The UCSC repeat browser allows discovery and visualization of evolutionary conflict across repeat families

Abstract

BackgroundNearly half the human genome consists of repeat elements, most of which are retrotransposons, and many of which play important biological roles. However repeat elements pose several unique challenges to current bioinformatic analyses and visualization tools, as short repeat sequences can map to multiple genomic loci resulting in their misclassification and misinterpretation. In fact, sequence data mapping to repeat elements are often discarded from analysis pipelines. Therefore, there is a continued need for standardized tools and techniques to interpret genomic data of repeats.ResultsWe present the UCSC Repeat Browser, which consists of a complete set of human repeat reference sequences derived from annotations made by the commonly used program RepeatMasker. The UCSC Repeat Browser also provides an alignment from the human genome to these references, uses it to map the standard human genome annotation tracks, and presents all of them as a comprehensive interface to facilitate work with repetitive elements.

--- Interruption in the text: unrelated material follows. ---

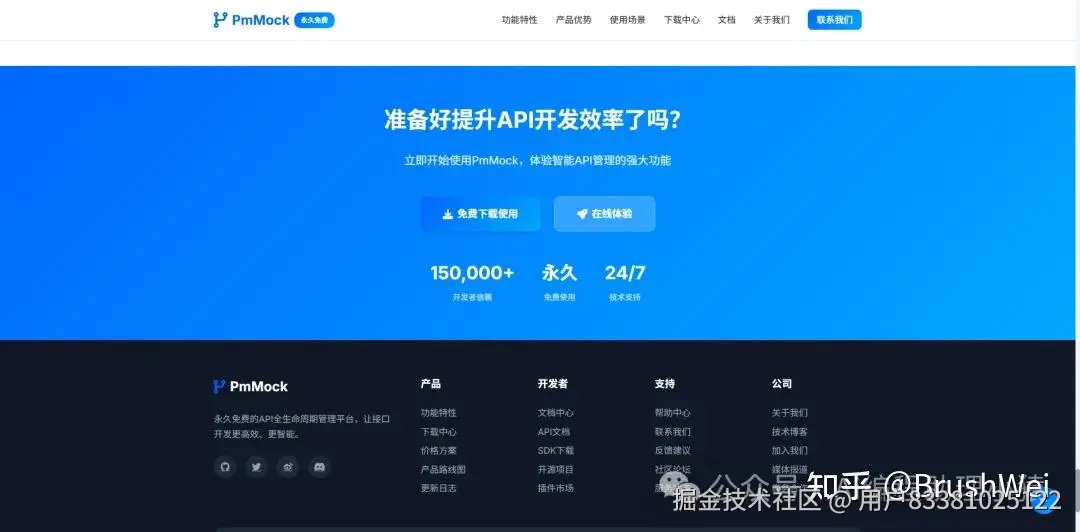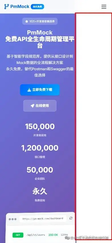 事情是这样的:最近为了准备推广我的产品PmMock,目前我的产品虽然已经上线了国内主流的应用市场,但是我一直都不敢去推广我的产品,原因是之前我在做官网的时候,虽然整体框架是完整的,但是图片我还没有截图替换,同时也没有做好移动端的适配,最近有点时间,再加上kimi k2的稳定性,让我有个想法想借助AI对我的官网进行重构,目前是我的官网截图:

It also provides processed tracks of multiple publicly available datasets of particular interest to the repeat community, including ChIP-seq datasets for KRAB Zinc Finger Proteins (KZNFs) – a family of proteins known to bind and repress certain classes of repeats. We used the UCSC Repeat Browser in combination with these datasets, as well as RepeatMasker annotations in several non-human primates, to trace the independent trajectories of species-specific evolutionary battles between LINE 1 retroelements and their repressors. Furthermore, we document at https://repeatbrowser.ucsc.edu how researchers can map their own human genome annotations to these reference repeat sequences.ConclusionsThe UCSC Repeat Browser allows easy and intuitive visualization of genomic data on consensus repeat elements, circumventing the problem of multi-mapping, in which sequencing reads of repeat elements map to multiple locations on the human genome. By developing a reference consensus, multiple datasets and annotation tracks can easily be overlaid to reveal complex evolutionary histories of repeats in a single interactive window. Specifically, we use this approach to retrace the history of several primate specific LINE-1 families across apes, and discover several species-specific routes of evolution that correlate with the emergence and binding of KZNFs.